Islam's more traditional element, once resistant to all things cyber, has come around to the Web as well. It took something of an attack on the religion to galvanize its leaders into action: the appearance of SuraLikeIt, a pro-Christian text written in the style of the Koran. When the site appeared on the Web, says Mr. Bunt, "it woke up a lot of people in traditional institutions up to the medium" and prompted a series of online rebuttals. SuraLikeIt was banished from its original home on America Online after complaints.

This is how the new face of Islam operates, Mr. Bunt says.
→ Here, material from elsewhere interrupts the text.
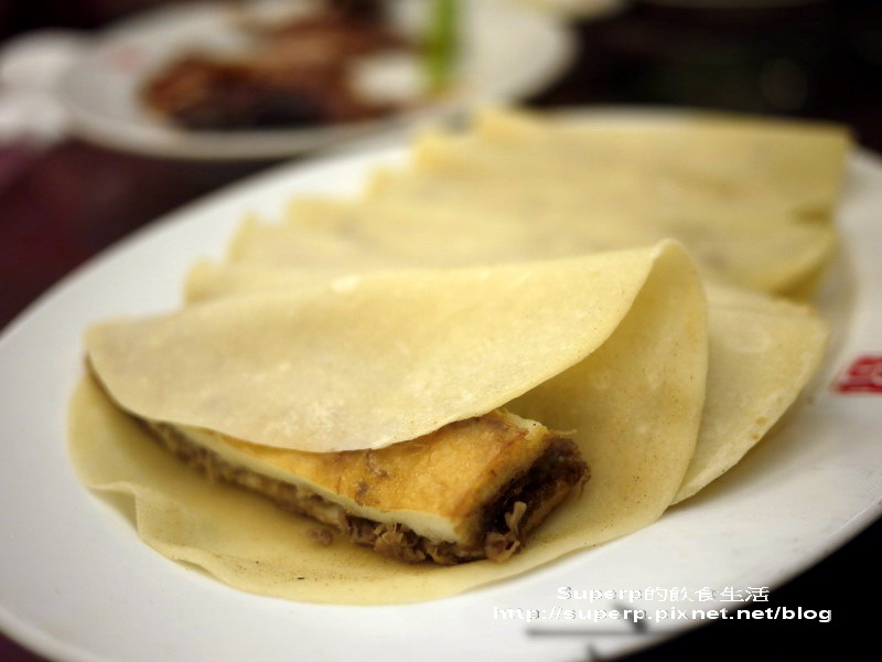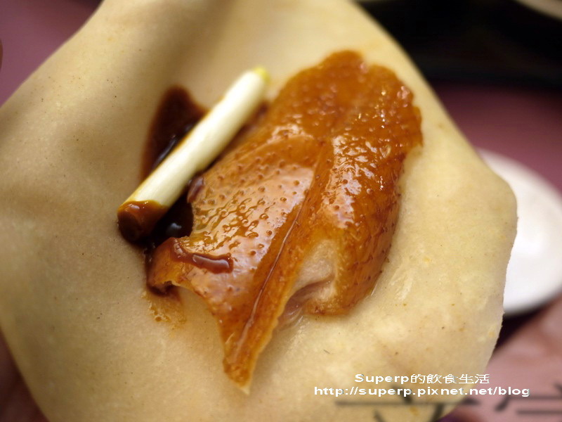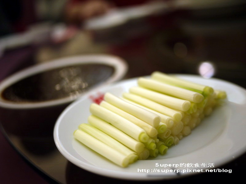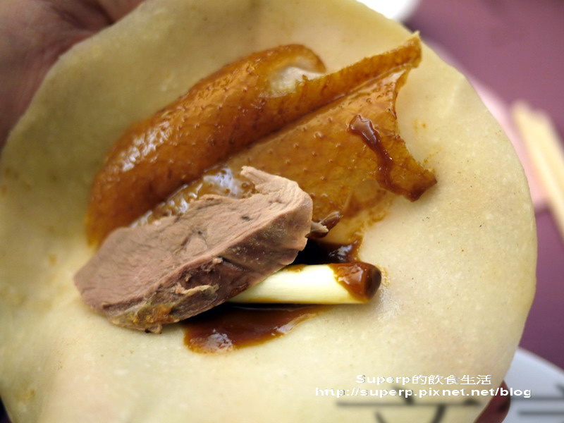 這邊所附的蔥比較「純樸」,不像宋廚切的掃帚樣,或龍都加了一環提味的辣椒。荷葉餅的部分也比較厚一些。

With no real way to hide the diversity of the Web's Islamic community (Saudi Arabia and some other nations have set up complex systems to filter out objectionable material, but they have proven ineffective), other Islamic fringe groups are rushing to put forth their views as well.

The Web sites Mr. Bunt has studied are remarkably heterogeneous, such as an online mosque in Belfast, Northern Ireland, and a three-dimensional computer tour of Mecca. Mr. Bunt is especially interested in examining different translations of the Koran on the Web and how they reflect nuanced understandings of the religion.

The Internet, Mr. Bunt says, is not stripping Islam of its rituals: There is software that helps people calculate the direction of Mecca so they know which way to face when praying, for example. But it is pushing the religion away from geography and toward a more global outlook. "People can get an answer to a theological or interpretive question without going to the mosque," Mr. Bunt points out. "It is really chipping away."

Mr. Bunt, meanwhile, is trying to keep time from chipping away at the subjects of his research: Unlike printed media, Internet sites can disappear into thin air. "That's one of the issues that one has to get over," he explains. "We're working with a changing or evolving bookshelf."